Onderstaand opinie artikel van mijn hand werd 21 december in het Financieel Dagblad gepubliceerd:
Waarom geldt voor familiebedrijven geen code voor goed bestuur zoals bij ‘gewone’ bedrijven? Deze vraag verdient een uitvoeriger en beter onderbouwd antwoord dan tot nu toe wordt gegeven. Onder meer in het rapport ‘Aanbevelingen voor goed bestuur in het familiebedrijf’ van FBNed. De aanbevelingen van de belangenorganisatie voor familiebedrijven onderschrijf ik geheel, op één punt na.
In het rapport wordt en passant opgemerkt dat er bij het opstellen van de aanbevelingen bewust is gekozen om weg te blijven van een ‘code voor familiebedrijven’ omdat een dergelijke code zou indruisen ‘tegen de wens en de drijfveer van veel ondernemende families om in vrijheid en onafhankelijk te kunnen ondernemen.’

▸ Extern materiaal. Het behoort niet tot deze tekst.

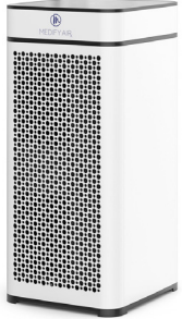
CLEAN AIR, UVC, PPE RELATED PRODUCTS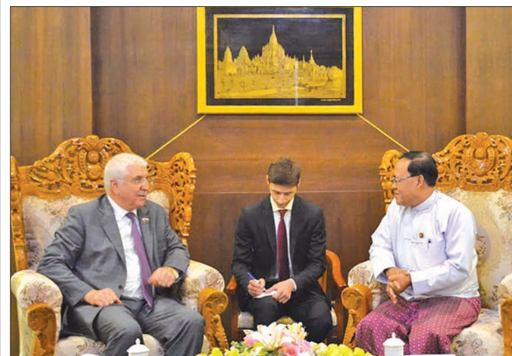
Union Minister U Kyaw Tin meets with Russian Deputy Chairman Mr. Aleksei Chepa in Nay Pyi Taw yesterday.

U KYAW TIN, Union Minister for International Cooperation of the Republic of the Union of Myanmar, received the delegation led by Mr. Aleksei Chepa, Deputy Chairman of the International Affairs Committee of the State Duma of the Russian Federation, at 1pm. yesterday, at the Ministry of Foreign Affairs in Nay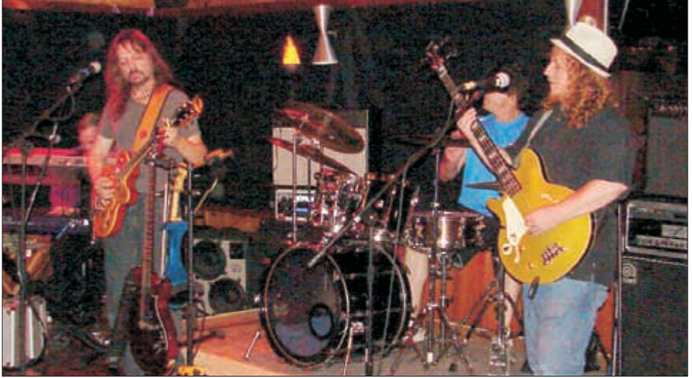
Superior Olive performing at the Trout Farm Inn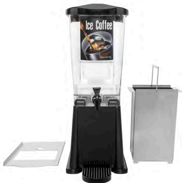
20.75" H X 8" W X 17" D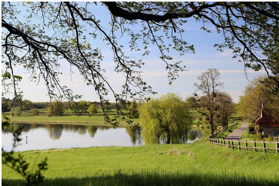
Étang de Chèvres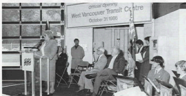
The Hon. Rita Johnston, Minister of Municipal Affairs and Transit, and West Vancouver Mayor Derrick Humphreys officially opened the new centre on Friday, October 31.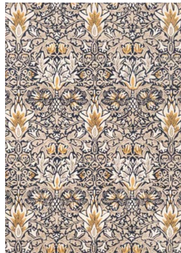
Snakeshead | indigo 127208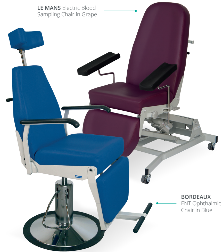
LE MANS Electric Blood Sampling Chair in Grape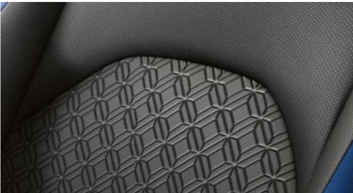
*Black fabric with dark headliner - AYGO X DESIGN ONLY

*Side bolster colour matches exterior colour choice except for Pure White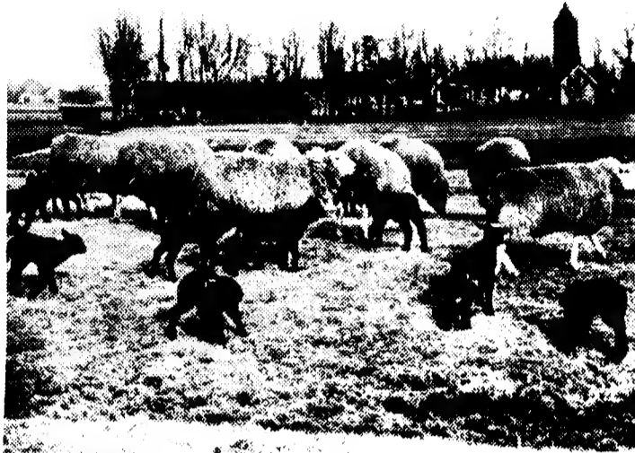
BLACK SHEEP IN THE FAMILY . . . A flock of black sheep mysteriously appeared on a Netherlands farm recently, born to all white sheep mothers and presumed white sheep fathers.

Emerson said; "We are bigert or surrounded by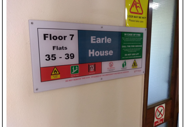
8. Landing pictogram signage .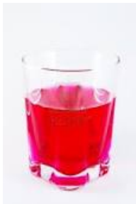
Water and food coloring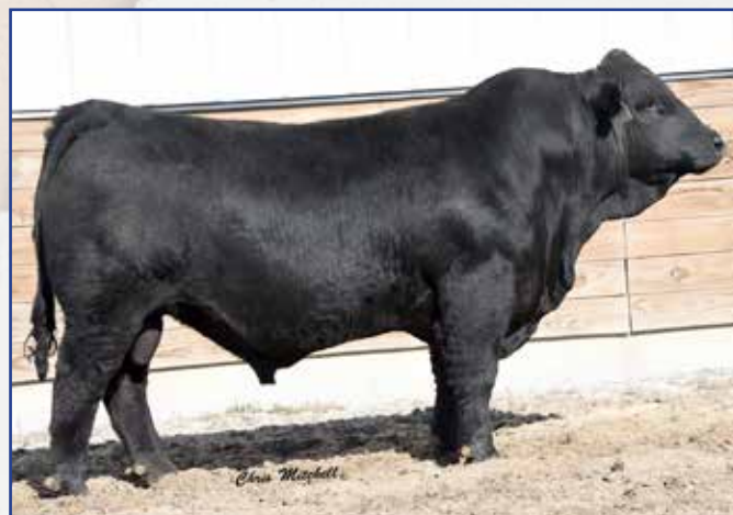
LOT 1 • DBRG 8472F

AOD: 3 Dam Wt: 1360 %BWW: 41.40% Udder: 8/8 Doc: 1 Act. SC: 35.5 Thick, deep bodied, and sound structured describe this bull. Take a look at his video - he is a meat wagon. The dam of this bull is also the dam of 710E. You will see his progeny all over in this sale catalog.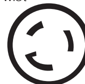
Nema L6-30 Twist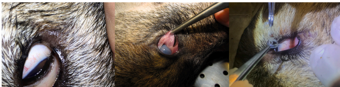
Fig. 1. Presence of Thelazia callipaeda in the conjunctival sacs of wolves ( Canis lupus ) from the Italian Alps.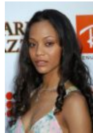
Zoe Saldana Nyota Uhura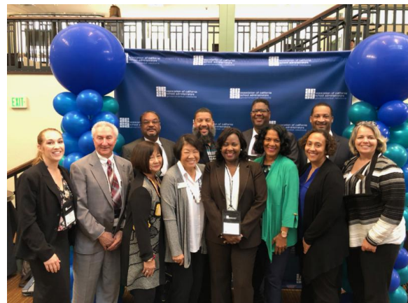
Region 6 delegation all set to hit the Capitol on April 8, 2019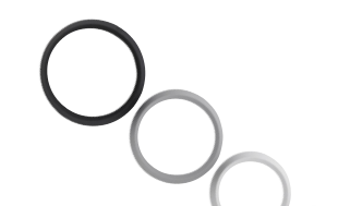
PLACE-IT TRIVETS, 4 PCS. BY FORMFJORD Art. no. Z00031-1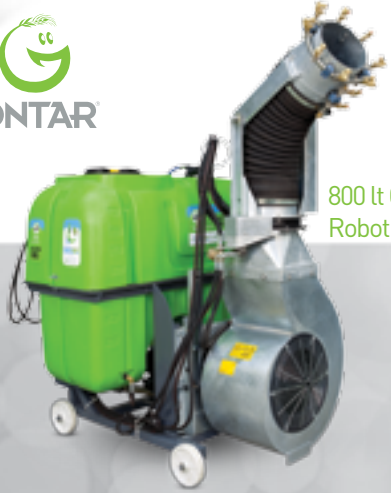
800 Lt Caffini Robot Head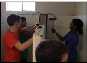
The work you did is very much appreciated!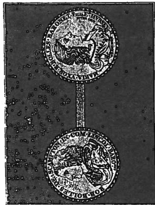
MEDALLIONS BY RAWLINS.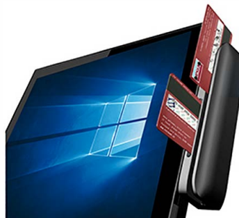
MSR/EMV Combo Reader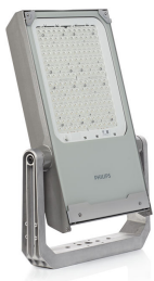
BVP656 Clearflood gen2 medium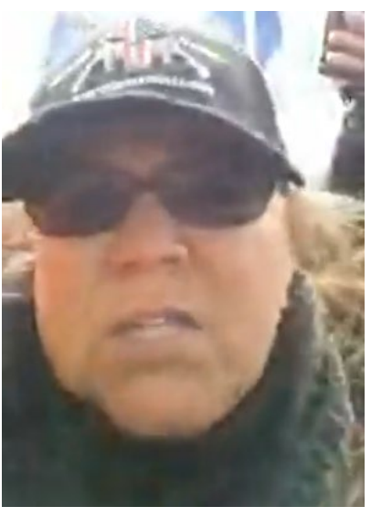
(while stating, "we are about to breach Congress")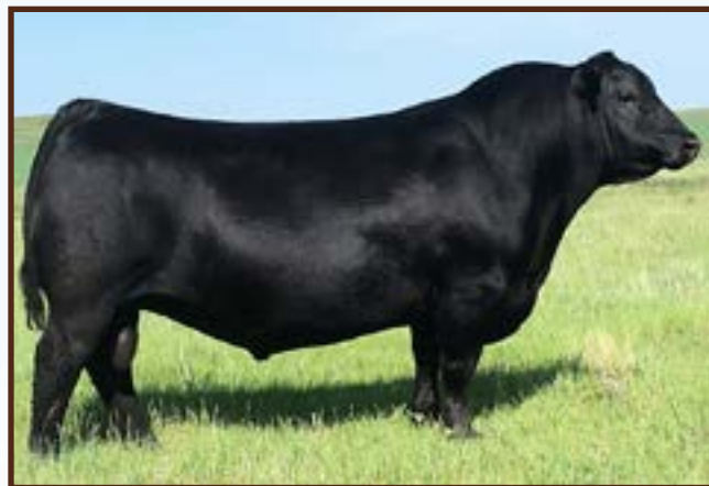
SAV PRESIDENT 6847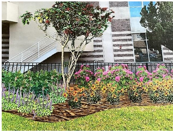
Conceptual ideas for the main gate on Commerce as well as the fence and landscaping that will be on site.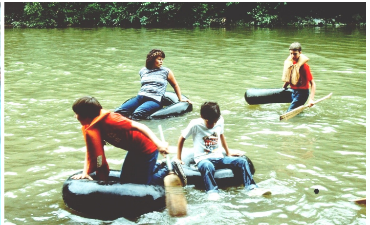
Fun in the Creek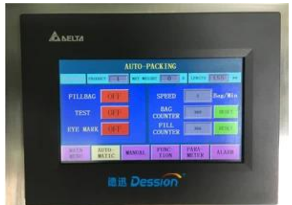
Simple and convenient operation area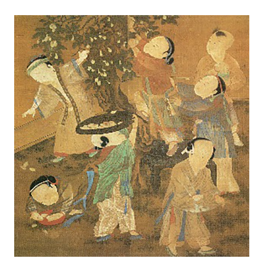
Figure 6. Fig Su Hanchen, Children Picking Dates 撲棗圖.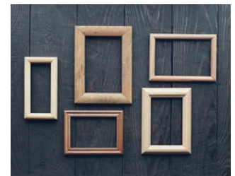
Gallery wall showing a mix of themed pictures and 3d objects.

A simple but effective composition for a small space.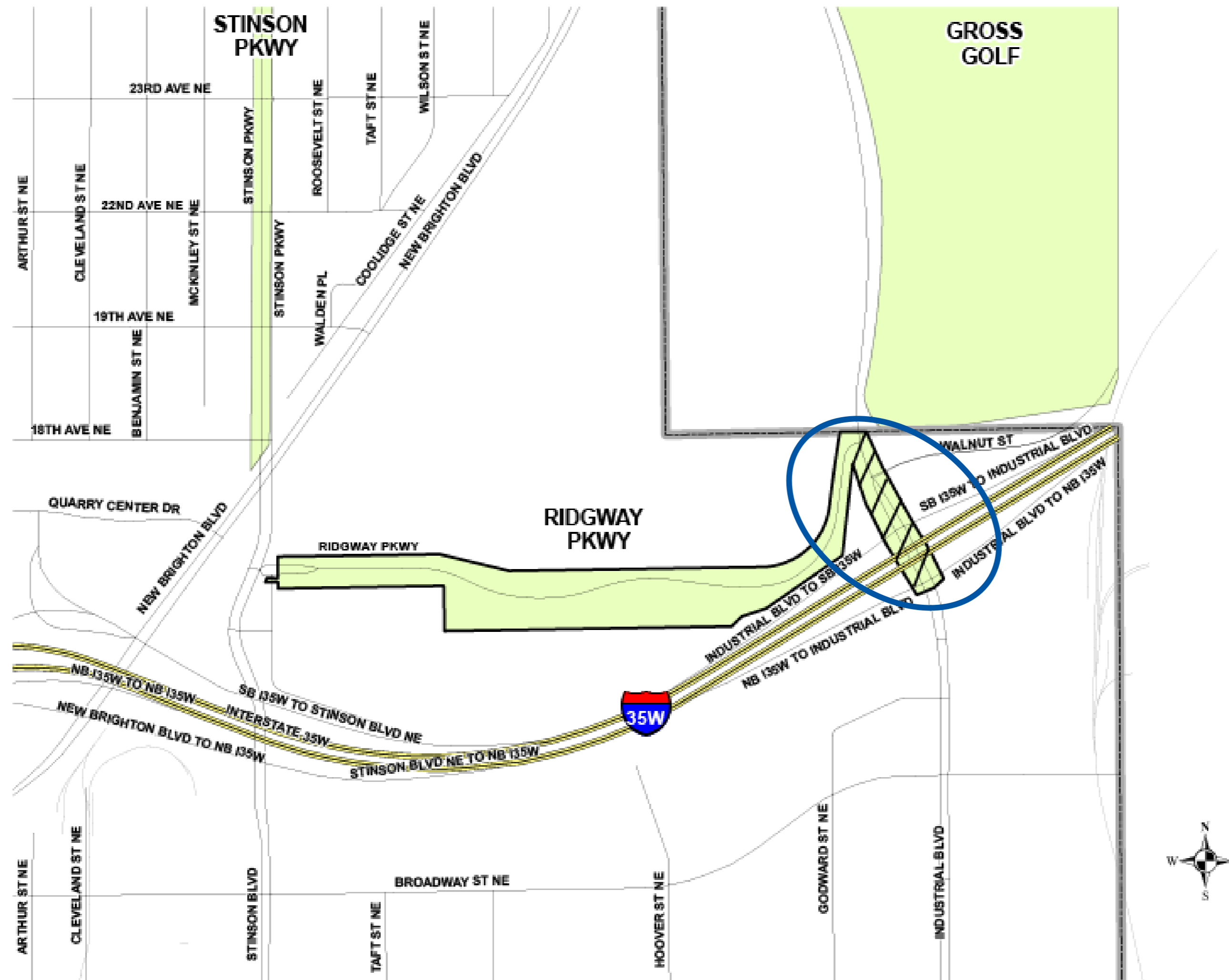
Figure 1 – Ridgway Parkway Regional Trail boundary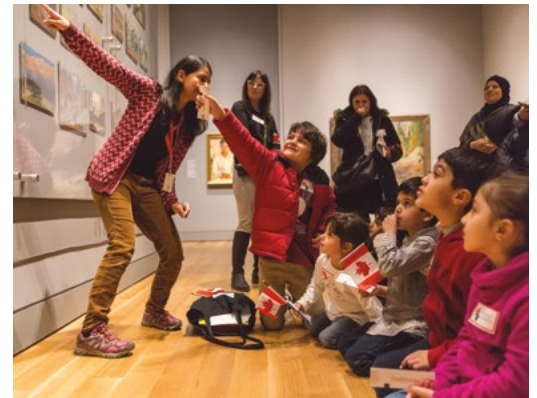
Visit to the AGO through the Institute for Canadian Citizenship's 'Ahlan Canada' program.

While we were developing the Strategy, the Truth and Reconciliation Commission of Canada released its final report, which shed light on the brutalities committed at residential schools and set out a path toward reconciliation for all Canadians. 12 The report exposes the terrible truth that the residential school system was specifically intended to destroy Indigenous identities and cultures. In our discussions with Indigenous partners and communities, we learned that reconnecting children and youth with their traditional cultures and languages is an urgent priority. The Journey Together: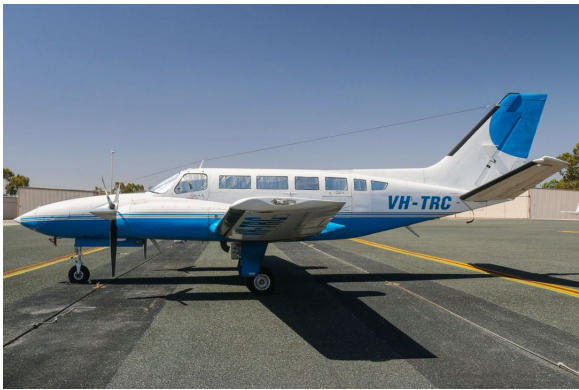
Cessna 404 & F406 HeatShields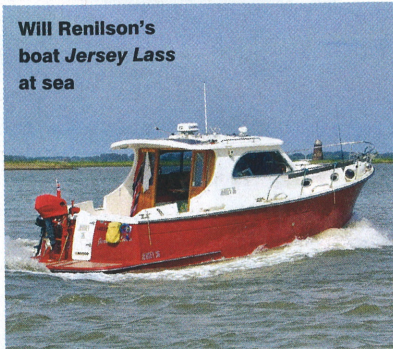
Will Renilson's boat Jersey Lass at sea

All of these simple and very cheap fixes had the same basic aim: to allow this reasonably-sized boat to be handled single-handed in confined spaces. Some of them might work for your boat too.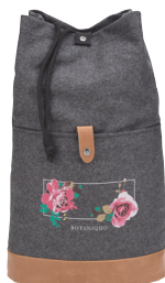
7950-25 Field & Co.® Campster Drawstring Rucksack As Low As: $25.75 [C]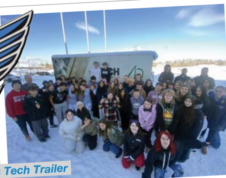
ADSB's Tech Trailer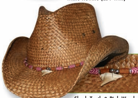
Shark Tooth & Pink Wood (LB1-SHKP)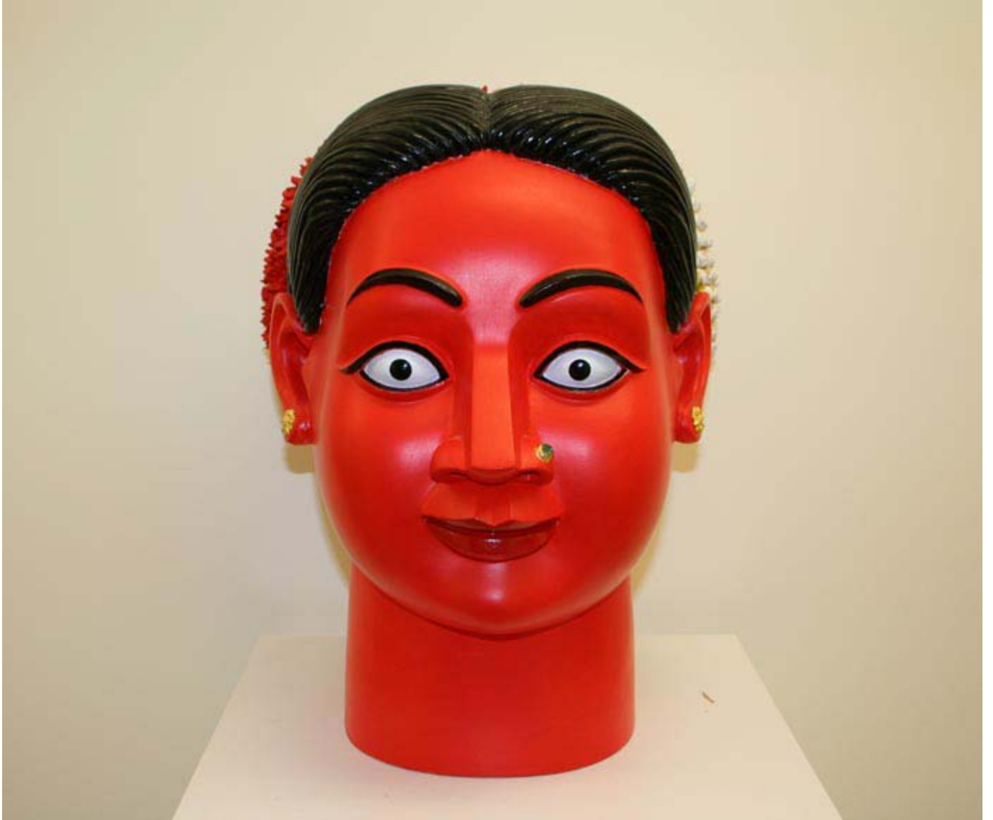
Ravinder Reddy, Head 4 , 2004, Polyester, resin and fiberglass, painted and gilded, 18 x 20 x 12 in.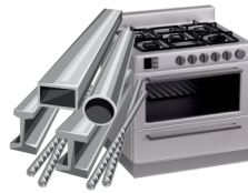
SCRAP METAL & LARGE APPLIANCES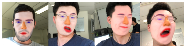
FIGURE 1 – The visual results of our method on iPhone. Our method is robust to extreme expressions and poses

The goal of face parsing is to classify every pixel of an image into a category of facial components. Detecting dif-

Maar is het niet zo dat ieder bedrijf, familiebedrijf of niet, in vrijheid en onafhankelijkheid wil ondernemen? Waarom zouden andere bedrijven zich dan wel iets moeten aantrekken van een governance code?
Misschien dat menging van familie en bedrijf juist extra reden voor een familiebedrijf is om zich zichtbaar te confirmeren aan een code. Een code voor goed bestuur biedt namelijk aan alle stakeholders (ook overige familieleden, medewerkers en hun familie, de bank, toeleveranciers en afnemers) de geruststelling dat de zaken bij het familiebedrijf, net als in een ‘gewoon’ bedrijf, allemaal prima en normaal zijn geregeld. En dat geruststellende gevoel is ook goed voor het familiebedrijf.
Volgens het onderzoeksrapport ‘Goed Ondernemingsbestuur bij familiebedrijven’ (2013) van Roberto Flören en Stefan Jansen vindt 44% van de familiebedrijven dat de Code Tabaksblat voor alle bedrijven zou moeten gelden. 72% van de directeuren van familiebedrijven vindt het belangrijk dat er een gedragscode voor goed bestuur van private bedrijven komt (als alternatief voor de Code Tabaksblat). 20% vindt dat geen goed idee, en 8% heeft geen mening.
Inmiddels zijn we weer zes jaar verder en ben ik ervan overtuigd dat het tij voor een code alleen maar gunstiger is geworden. Mogelijk ontbreekt het nog steeds aan een goede voorstelling van hoe zo’n code eruit zou kunnen zien. Onbekend maakt immers onbemind. En natuurlijk is er het terechte bezwaar dat een klein familiebedrijf dreigt opgeknoopt te worden aan te hoge standaarden van regelgeving. Dat is echter bij de Code Tabaksblat niet anders. Daarvoor biedt een ‘pas toe of leg uit-regel’ wellicht voldoende soelaas.
In ieder geval verdient de vraag ‘waarom geen code voor het familiebedrijf?’ betere beantwoording dan tot nu toe. En misschien rolt hier dan ook een andere conclusie uit dan die van FBNed.